Verizon Communications Inc. (NYSE: VZ) announced today it will drastically increase its GPON rollouts in 2008.
Verizon announced its GPON intentions back in March, but its deployment so far has been on a trial basis. (See Verizon Deploys GPON.)
Now, Verizon is listing California, Maryland, Massachusetts, New Jersey, New York, Pennsylvania, Rhode Island, Virginia, and Texas as states where it's going all-GPON for its FiOS buildouts. (See Verizon Adds More G-PON.)
"Everything will be GPON," a Verizon spokesman says -- referring to new installs in those territories. The company's BPON infrastructure will remain in place and will continue to be supported.
While GPON networks run four times faster than BPON, FiOS customers won't immediately see any change in their service as the upgrades are intended mainly for future-proofing.
Verizon offers downstream speeds of up to 50 Mbit/s in some areas and has said that it plans to one day offer 100 Mbit/s to individual homes. (See Verizon Spells Out 100 Mbit/s and Verizon Leads the Great 100-Mbit/s Bandwidth Race.) "This sure as heck makes that possible, but our product set has not changed yet," the spokesman says.

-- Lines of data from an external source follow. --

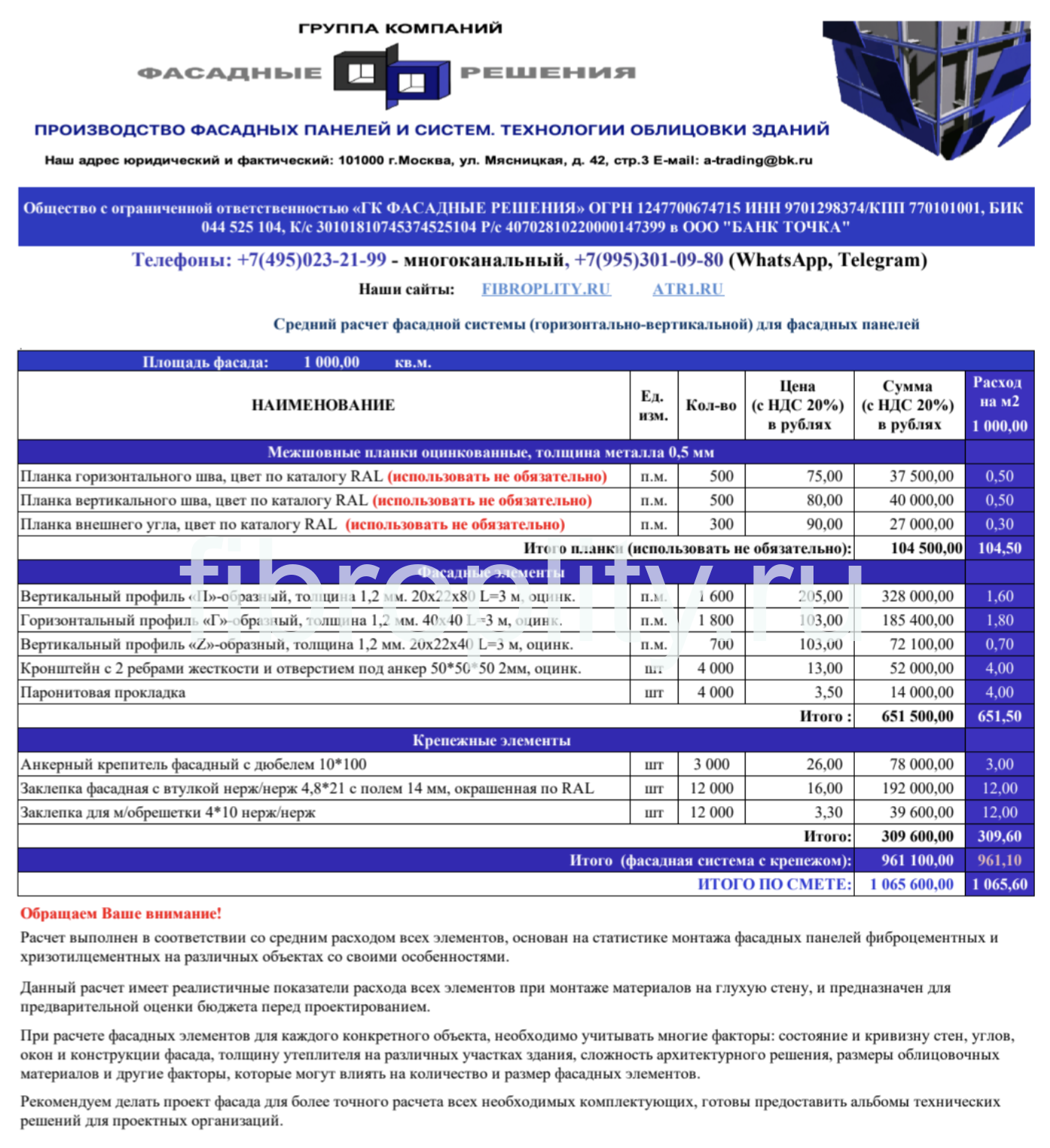 Предлагаем Вашему вниманию средний расчет фасадной системы оцинкованной (горизонтально-вертикальной) для фасадных панелей фиброцементных и хризотилцементных.
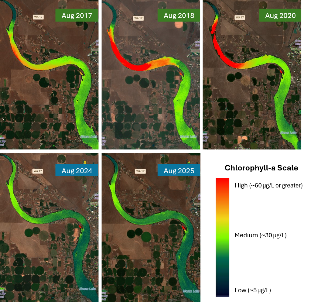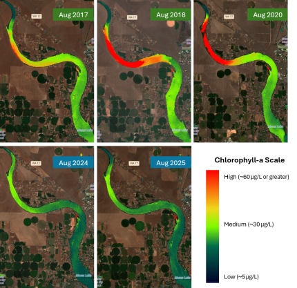 Visual comparison of algae across years with 40-60% CRW mixing during typical peak algae biomass by satellite analyses. Historical years are 2017, 2018, and 2020. Years with P mitigation were 2024 and 2025 demonstrating a significant reduction in chlorophyll-a across Rocky Ford Arm. Images contain modified Copernicus Sentinel-2 data from 2017-2025.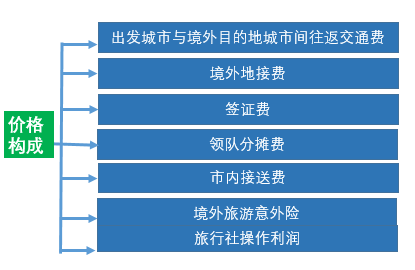 出境組團(tuán)社服務(wù)網(wǎng)點(diǎn)(代理旅行社、在線平臺(tái))對(duì)游客報(bào)價(jià)=出境組團(tuán)社報(bào)價(jià)+服務(wù)網(wǎng)點(diǎn)(代理旅行社、在線平臺(tái)利潤(rùn))。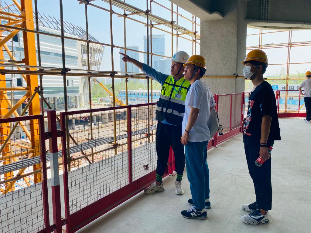炎炎烈日没有抵挡住大家参观工地现场的热情,7月9日早上土建系组织学生前往绿地丝路全球贸易港进行集中现场参观。中建新疆建工(集团)西北公司技术总工张明向同学们进行了项目介绍,该项目是全运会主场馆项目之一,主体为钢结构装配式,施工工艺先进,施工难度大,是绿地集团的样板工程。为了保障参观安全和学习质量,全体学生分成两组,每组80人分批进入工地。通过现场的直观展示和技术员详细的讲解,使得学生将课本上的二维图片与现场的三维实物相对应,加深了之前所学专业知识的认识和理解,让课本上的知识变得更加直观和具体,实现了理论结合实际的目的。
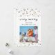 O confete Dourado Stars o cartão com fotos do feriado. © de Elke Clarke outros estilos e cores disponíveis em nossa loja em www.zazzle.com/epclarke. Cartão com fotos contemporâneo, moderno, simples, preto e branco do feriado com teste padrão de estrelas dos confetes da folha de ouro (efeito impresso da foto), e as palavras "muito alegres" em uma pia batismal do roteiro da escrita do desenhista.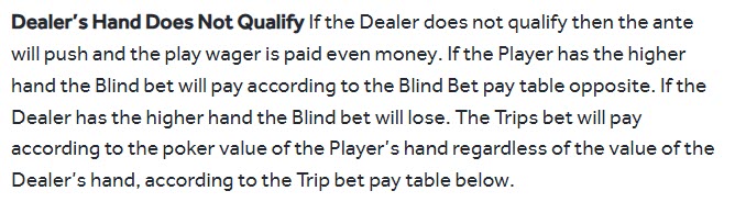 Em 31 de maio de 2024, alguém postou no meu fórum que os cassinos Genting no Reino Unido não seguem as regras convencionais. Em vez disso, eles pagam automaticamente a aposta Play com o valor da aposta igual ao apostado se o dealer não se qualificar. Ele forneceu um link para as regras no site do cassino para comprovar sua afirmação. Apresento uma captura de tela das regras abaixo.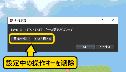 左下にあるボタンを押すと、設定中の操作キーが削除されます。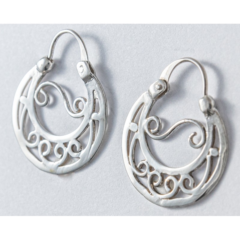 Aros da María-Pendiente pequeño con cierre media esfera y calado en plata de...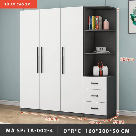 - Kích thước Dài*Rộng*Sâu: Từ 80cm/120cm/160cm/200cm x200 cmx 50 cm ( Chú ý: Giá bán thay đổi theo kích thước tủ)

Verizon had previously named Alcatel-Lucent (NYSE: ALU), Motorola Inc. (NYSE: MOT), and Tellabs Inc. (Nasdaq: TLAB; Frankfurt: BTLA) as its GPON vendors with AlcaLu being the first to provide gear. That has not changed. "Alcatel is a step ahead of the others, that is true," the Verizon spokesman says. (See Alcatel Joins Verizon PON Party and Verizon Deploys GPON.)